Nasty business this. We can't let people have true ownership of their property for fear that they might do something environmentally unsound. For instance, build on it.
What does the Bill of Rights actually say?
1. It is hereby recognized and declared that in Canada there have existed and shall continue to exist without discrimination by reason of race, national origin, colour, religion or sex, the following human rights and fundamental freedoms, namely,(a) the right of the individual to life, liberty, security of the person and enjoyment of property, and the right not to be deprived thereof except by due process of law
You might think that, hey, property is in there. What's the problem?
To see the problem, consider the changes being proposed under Bill C-279, introduced by Conservative MP Scott Reid:
(a) the right of the individual to life, liberty, security of the person and enjoyment and use of property, and the right not to be deprived thereof except by due process of law, and, in the case of property, without full, just and timely compensation;
See the subtle difference? My right to property must include the right to use it. To merely enjoy it allows the government to put restrictions on its use. When the Ontario government banned development on the Oak Ridges Moraine, it didn't take anyone's property away. But it made the properties valueless. People lost their life savings, having purchased the land with the intent to flip it to a developer at some point the future. That future would now never come, all because the government has the absolute power to define how you can use your property. The landowners could, however, continue to "enjoy" it.
Of course, the other huge omission is that of compensation. The original text does require due process, which makes one think people are protected. But as the Supreme Court showed, all it means is that the government has to write it down and get it signed, then they take your stuff. In the case of the Moraine, no compensation was offered to anyone. Under the new wording, such a law would contravene the Bill of Rights if it did not incorporate a compensation regime.

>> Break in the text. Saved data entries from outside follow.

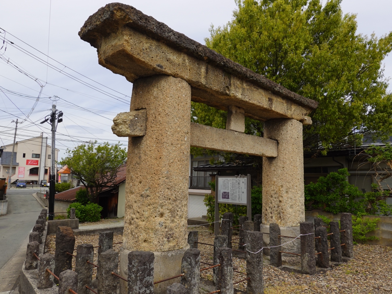 この鳥居の周辺は住宅街で、鳥居以外には小さな社があるのみ、鳥居だけが目立っているのも興味深いです。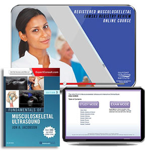 The package includes the comprehensive Fundamentals of Musculoskeletal Ultrasound softcover book, the MSK Ultrasound Interactive Registry Review Online Mock Exam, and 12 months unlimited access to the Registered Musculoskeletal Registry Review online course!
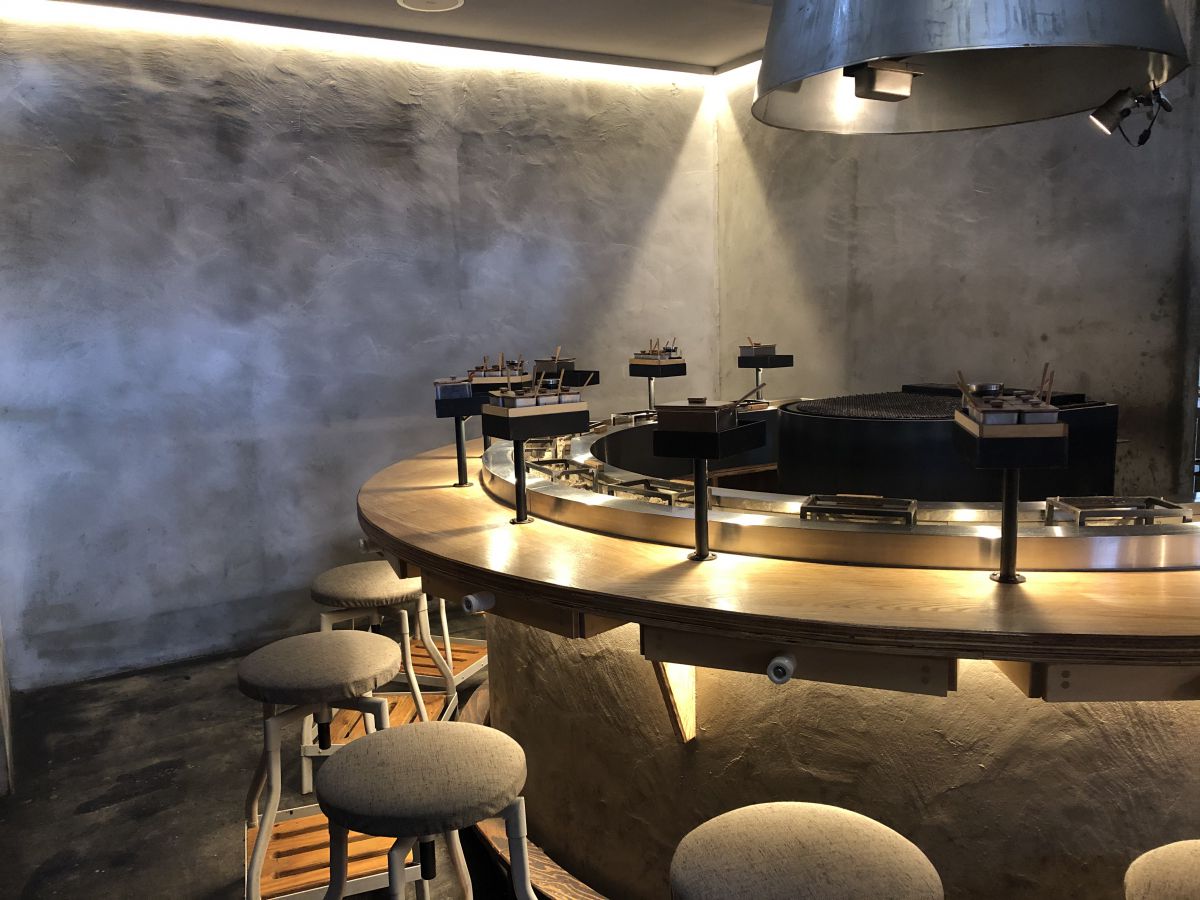 客席はハンバーグを焼く炭台をお客さんが囲む半円型のカウンター席のみ。どの席に座ってもハンバーグの焼き上がりが見え、すぐに手元へ届くという”焼きたて”を体感しやすいライブキッチン型なんです。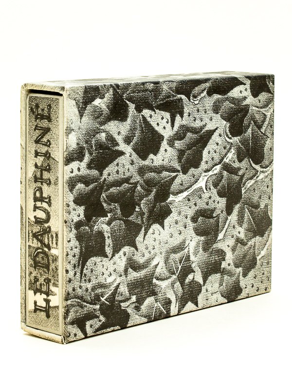15 burins originaux par Michel Béret, un des XV exemplaires numérotés réservés aux Collaborateurs, 1 vol. in-12 format à l'italienne en feuillets sous couv. rempliée illustrée, sous double emboîtage illustré, Michel Béret, Georges Leblanc, Imp., 1956 Bel envoi de Michel Béret. Magnifique petit ouvrage remarquablement illustré par Michel Béret. Ces 15 burins nous présentent des vues du Vercors, de La Table du Roi, Vienne, Saint-Antoine, Valence, Romans, le Mont-Aiguille, La Meije, Vizille, Briançon, Saint-Véran, Château-Queyras, la Grande Chartreuse et Grenoble. Rare.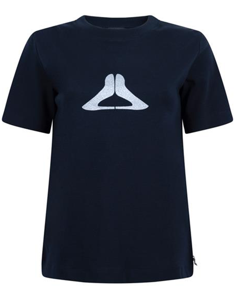 Het Lola t-shirt in donkerblauw is een veelzijdige basic die moeiteloos stijl en comfort combineert. Gemaakt van zware katoen jersey, biedt dit t-shirt een luxe gevoel en een uitstekende pasvorm. De subtiele ribboord langs de halslijn zorgt voor een nette afwerking, terwijl het zilverkleurige logo op het voorpand een verfijnd accent toevoegt.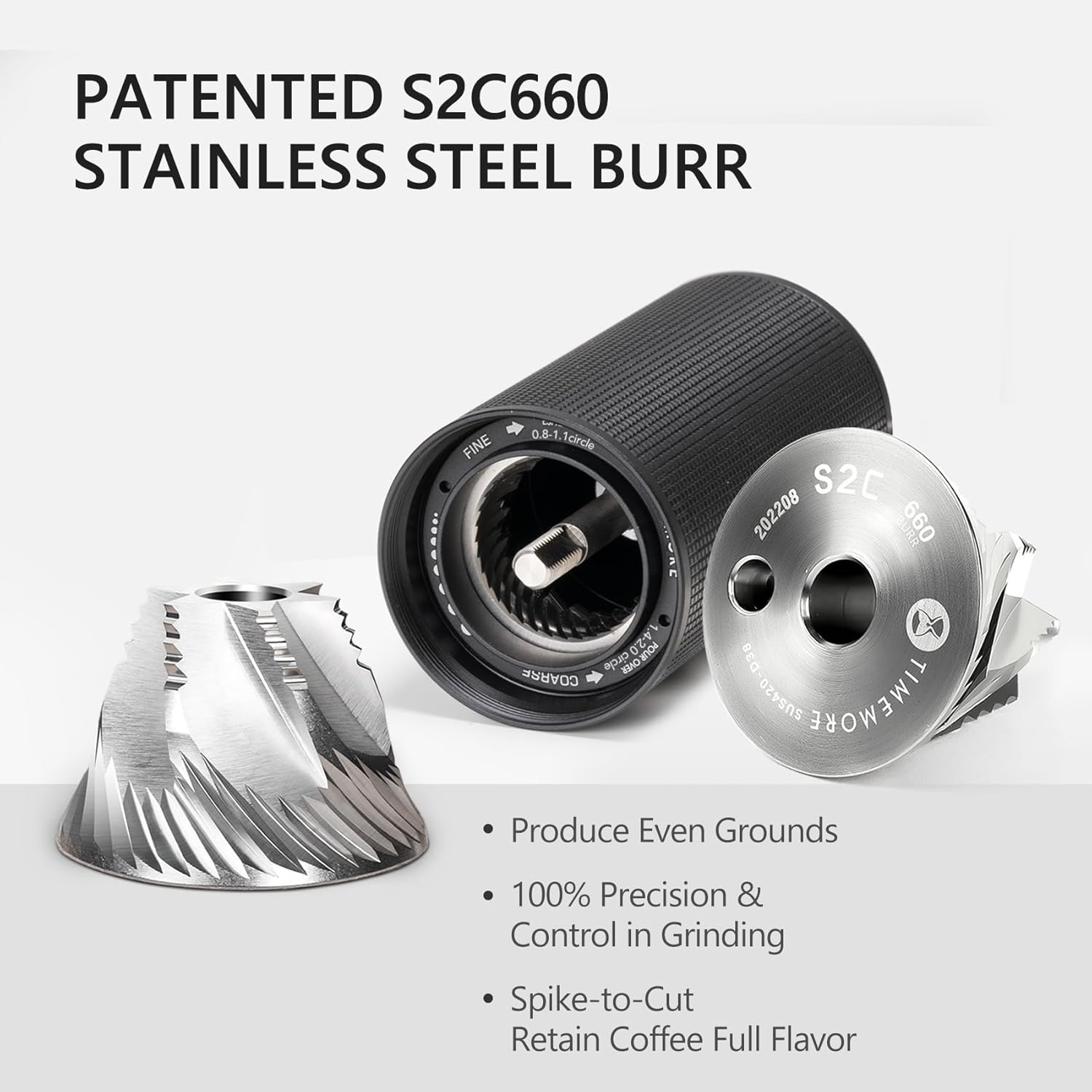 - [ What is C3 ESP? Special Design For Espresso ] Equipped with patented S2C660 stainless steel burrs with higher precision and efficiency. C3 ESP hand coffee grinder provides more precise grinding adjustment, minor adjustment of 0.0233mm per click allows you to easily achieve the perfect coarseness for your preferred fine to coarse. From French press to espresso coffee, TIMEMORE has you covered
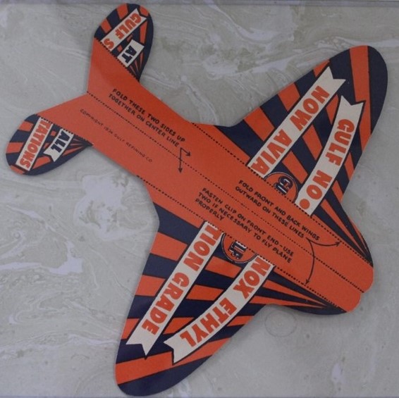 This paper aeroplane design was distributed by the Gulf Refining Co in 1934 as an advertising novelty. The date can be seen on the detail below.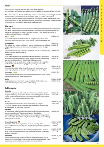 61%u00c6RTPisum sativum %u2013 1000 fr%u00f8 vejer 250%u2013350 g. Min spireevne 85 %. Min. m%u00e6ngde er 50 K for sorter som s%u00e6lges i enhed fr%u00f8 og 25 kg for sorter som s%u00e6lges i enhed kg.%u00c6rt %u2013 Pisum sativum %u2013 Der findes flere typer %u00e6rter %u2013 sukker%u00e6rter, marv%u00e6rt og foder%u00e6rter. Marv%u00e6rten har rynkede fr%u00f8 mens de %u00f8vrige har glatte og n%u00e6sten helt runde fr%u00f8. En del sorter h%u00f8stes gr%u00f8nne mens andre h%u00f8stes fuldmodne og t%u00f8rre. Marv%u00e6rten er betydelig mere f%u00f8lsom for lave temperaturer og b%u00f8r derfor ikke s%u00e5s for tidligt. Flere %u00e6rtesorter h%u00f8stes ogs%u00e5 som %u00e6rteskud til salater og pynt p%u00e5 madretter. Marv%u00e6rtKvaliteten af marv%u00e6rterne hvis fr%u00f8 er %u201drynket%u201d er betydeligt h%u00f8jere end i de rundformedesplit %u00e6rter, men samtidig er marv%u00e6rterne mere %u00f8mfindlige over for lav jordtemperatur. Marv%u00e6rter b%u00f8r ikke s%u00e5s for tidligt, i Danmark omkring 1 maj. Seminis %u00e6rtesorter er bejdset med Wakil. S%u00e6lges i enhed fr%u00f8.Allsun NYHEDSp%u00e6ndende nyhed umiddelbart efter de tidligste sorter. Allsun er en sund og st%u00e6rk plante med flotte, fyldte b%u00e6lger. Udbytte potentialet er stort.294 082 Avola/SpringDen tidligste sort, b%u00e6lgen indeholder 5%u20136 %u00e6rter. Avola kombinerer tidlighed, udbytte og kvalitet p%u00e5 den bedste m%u00e5de. Udviklingstid er ca 55%u201360 dage.294 010 OB 294 012 SBDorian Ogs%u00e5 kendt som %u201dMr Big%u201d. Extra store fine b%u00e6lge med 10%u201312 %u00e6rter pr b%u00e6lg. Har en god smag. Resistens: HR: EP294 060 LakeshoreEn ny sp%u00e6ndende Marv%u00e6rt. En meget sp%u00e6ndende nyhed til friskmarked af Marv%u00e6rter. M%u00f8rkegr%u00f8nne flotte fyldte b%u00e6lger og meget velsmagende s%u00f8d sort. Udviklingstid ca. 70 dage (middeltidlige segment). Plante h%u00f8jde ca. 70 cm og de f%u00f8rste b%u00e6lge ved ca 35 cm. Nem at plukke. Stort udbytte potentiale af en rigtig god og velsmagende kvalitet.295 056 295 057 SBMaxigolt Fremragende, middel tidlig. Meget fin smag selv hvis %u00e6rterne bliver store. H%u00f8jt udbytte af god kvalitet. Udviklingstiden er 65%u201370 dage.294 037 NF, OB%u2013 Min. 5 000SV1022QG NYHEDEndnu en sp%u00e6ndende nyhed i det middeltidlige segment. Lange, fyldte b%u00e6lge og med en godt udbytte potentiale.294 025 OBUtrillo Meget popul%u00e6r sort i Danmark. Lang smuk b%u00e6lg. Godt udbytte og kvalitet. God smag. Udviklingstiden er 70%u201375 dage. 294 030 NF, OB294 032 NF, SBSukker%u00e6rterCascadia Cascadia har spr%u00f8de og s%u00f8de rundede sukker%u00e6rter som holder sig fine l%u00e6ngere end mange andre sorter. Planten er kompakt og bliver ca 75-80 cm h%u00f8j, modner midt p%u00e5 s%u00e6sonen. Den s%u00e6tter to b%u00e6lge pr node og b%u00e6lgene er ca 7-8,5 cm lange med 7-8 %u00e6rter i hver. 295 052 OB%u2013 Min. 1 kgDebute Hurtigvoksende sort. Planten bliver ca 35 cm h%u00f8j og b%u00e6lgene ca 6%u20137 cm, med 8%u20139 %u00e6rter i hver b%u00e6lg. Kan anvendes til at producere %u00e6rteskud b%u00e5de p%u00e5 friland og i v%u00e6ksthus. 294 043 OB%u2013 Min. 25 kgKennedyNy sp%u00e6ndende Sukker%u00e6rt ogs%u00e5 kaldt Snow Pea. En fremragende sort og giver et stort udbytte af flot skinnende gr%u00f8nne flade b%u00e6lge.Udviklingstid ca. 60 dage. Plante h%u00f8jde ca. 66 cm og f%u00f8rste b%u00e6lge oftest 2 pr. node ved ca. 30 cm. Stort udbytte potentiale af rigtig god kvalitet og velsmagende sukker%u00e6rt.294 045 Oregon Sugar Pod Middelh%u00f8j, ca 80%u201390 cm h%u00f8j omkring 10 cm lange b%u00e6lge oftest 2 ved hvert skud men nem at plukke. Meget velsmagende. Meldugresistent.295 060 NF, OB%u2013 Min. 1 kg%u223c 400 fr%u00f8Stardust Middeltidlig. Planten bliver ca 40 cm h%u00f8j og b%u00e6lgene ca 6%u20137 cm, 8%u201310 %u00e6rter i hver b%u00e6lg. Kan anvendes til at producere %u00e6rteskud b%u00e5de p%u00e5 friland og i v%u00e6ksthus.294 042 NF, OB Min. 1 kgSweet Ann Denne middelh%u00f8je sort er ca 75 cm h%u00f8j og b%u00e6lgene er meget lette at plukke. Sweet Annes flade b%u00e6lge smager godt og kan spises b%u00e5de friske og let stegt. Sorten vil blive markedsf%u00f8rt som en specialitet.296 006 NF, OB%u2013 Min. 5 KAllsunAvola/SpringLakeshoreKennedySV1022QG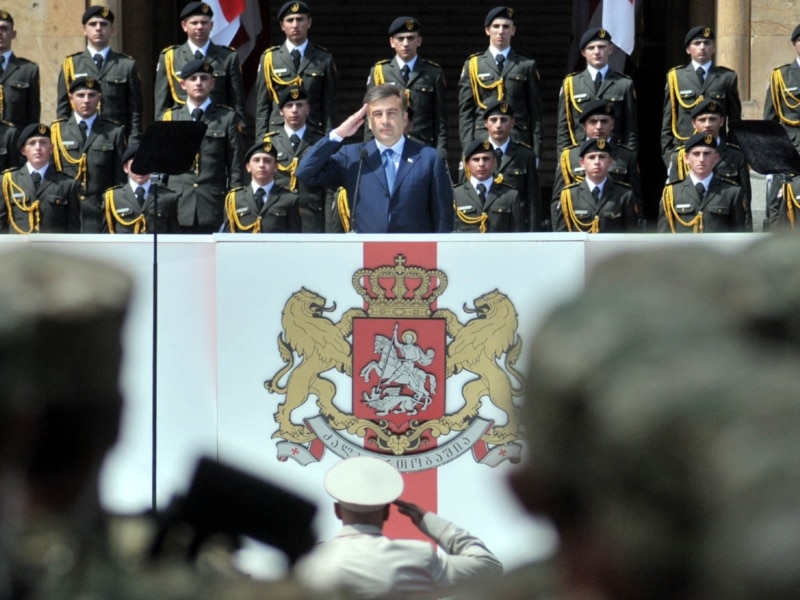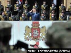 Վրաստան -- Նախագահ Միխեիլ Սահակաշվիլին ողջունում է անկախության տոնի առթիվ անցկացվող ռազմական շքերթի մասնակիցներին, Թբիլիսի, 26-ը մայիսի, 2011թ.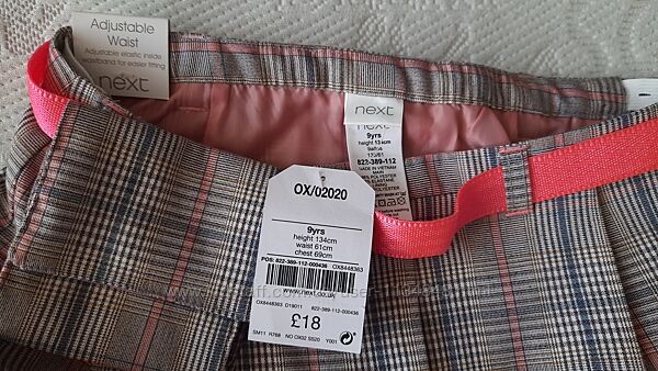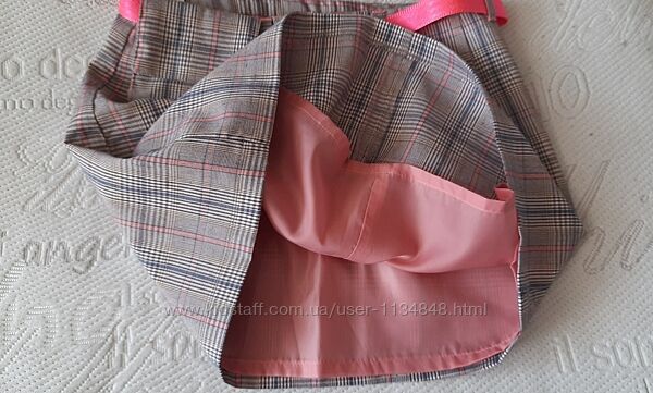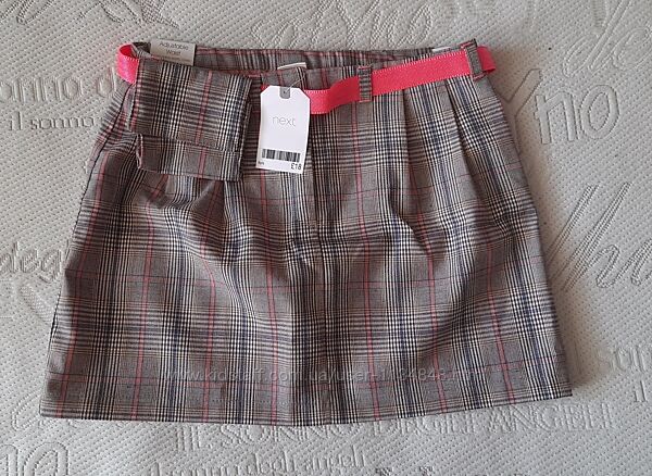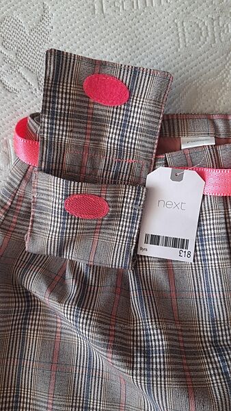 юбка в клетку Next на 8-9 лет. Состав: 98% полиестер+2% элостан. Розовый поясок на липучке.---Замеры: дл-32 см, талия 31 см ( есть утяжка)., бедра-40 см.
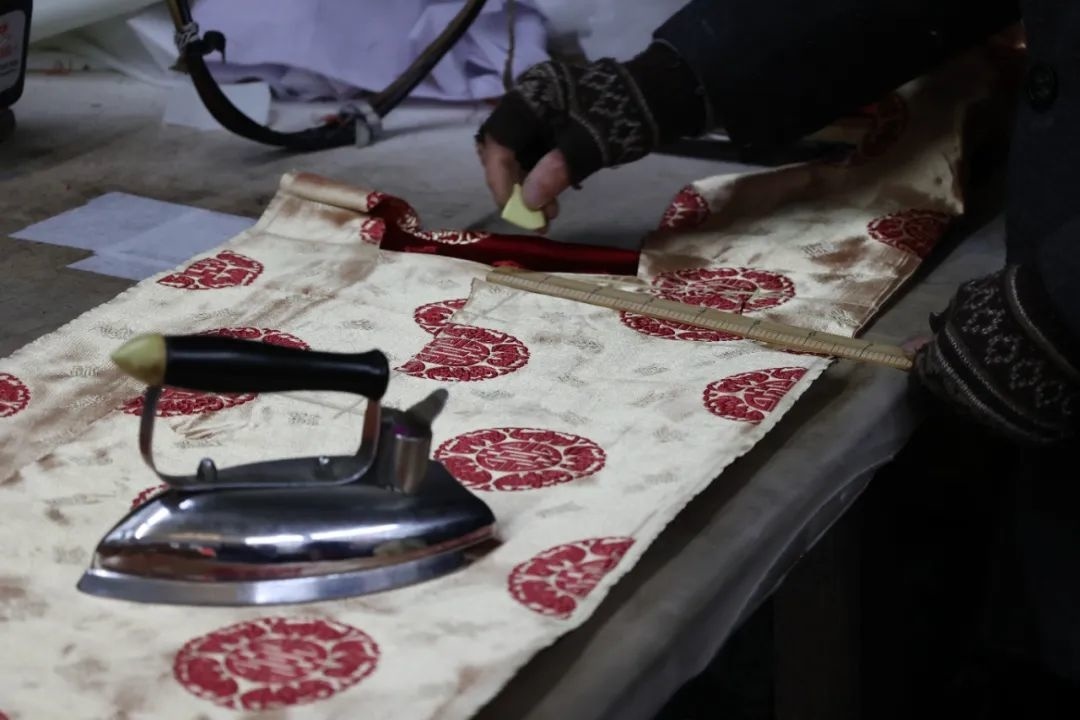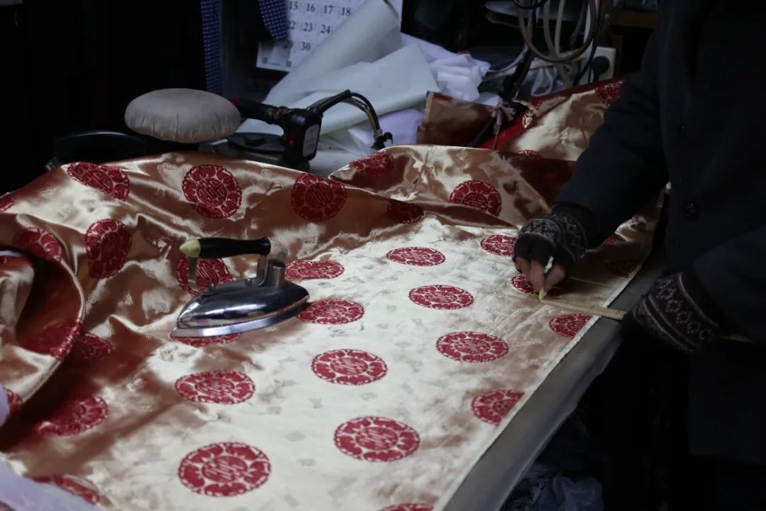 “花纹要在衣服后背正中间。”“无纺布可以让衣领、内衬更硬拔。”说起裁剪制衣,杨则钱眼里闪着热爱的光芒。在杨师傅的巧手下,完成一件衣服通常只需一天。进门时还是简简单单的一块布,不到一小时就在他的手中裁出了前片、后片和门襟。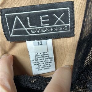 NWT Alex Evenings Elegant Black Lace Ruched Dress Women's Size 14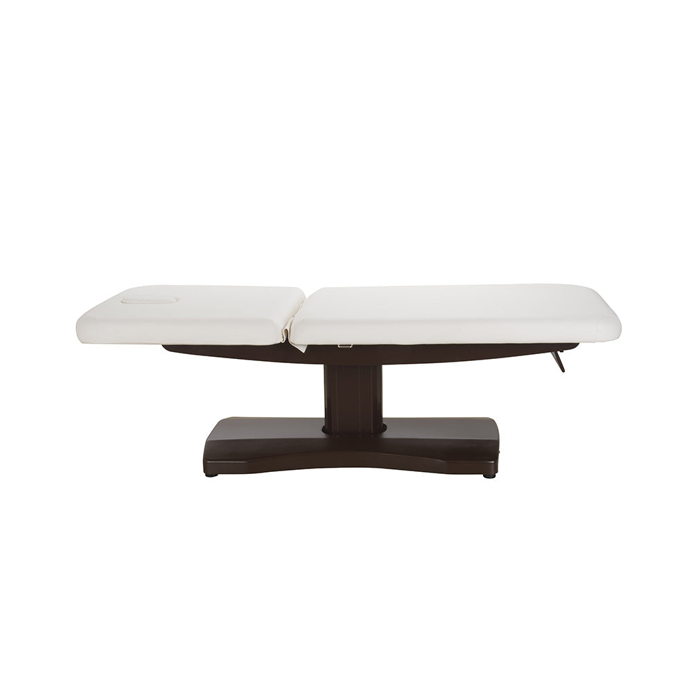Dotato di foro facciale, telecomando e portarotolo. Un unico motore elettrico consente di regolare l'altezza del lettino. Inclinazione manuale dello schienale (fino a 70°)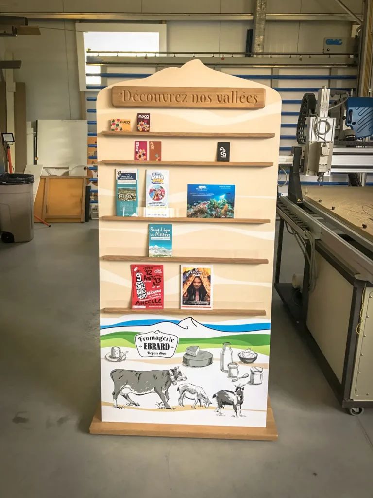 Du panneau décoratif sur-mesure au mobilier personnalisé, nous concevons et fabriquons des aménagements et des dispositifs de présentation pensés pour structurer vos espaces et valoriser votre image, de la création à l’installation.

On November 25, 2004, MP Scott Reid told this terrible story about Mirabel airport, the enormous and vitually unused airport near Montreal:
There were 88,000 acres expropriated, as I say, two-thirds the size of the sovereign country of Singapore, and 3,200 families were forced to move as a result of that expropriation. Only 5,000 acres were used for the airport. As one of my hon. colleagues from the New Democratic Party has pointed out, that is a larger amount of land than is used for Heathrow Airport, the largest and busiest airport in the world. Mirabel has tens of thousands of additional acres that continue not to be used.As early as January 1971, the Liberal cabinet knew that 22,000 of those acres were not required for the purposes of the airport under any imaginable scenario. Rather than face the public relations embarrassment of having to retract that expropriation, it continued on and depopulated the area of a further 1,700 people who did not need to be moved, but who were forcibly moved to avoid a public relations embarrassment. That is an absolutely astonishing thing to do.
However, this is typical of the attitude that has been taken by that government and by Liberal governments since that time toward private property owners, or even by Liberal governments before that time. After all, it was a Liberal government that in the 1940s that not only rounded up and interned the Japanese Canadians in camps in the interior of B.C. and in other places like Saskatchewan. It also then took their property from them, expropriated it, auctioned it off and then charged the costs of the auctioning against the value of the property. This is the attitude that this government and Liberal governments historically have had toward the private property rights of Canadians.
I don't hold out much hope that this private member's bill will pass with the Liberals in control. But the potential is there for Canada to take a step forward even as the United States has taken a step back.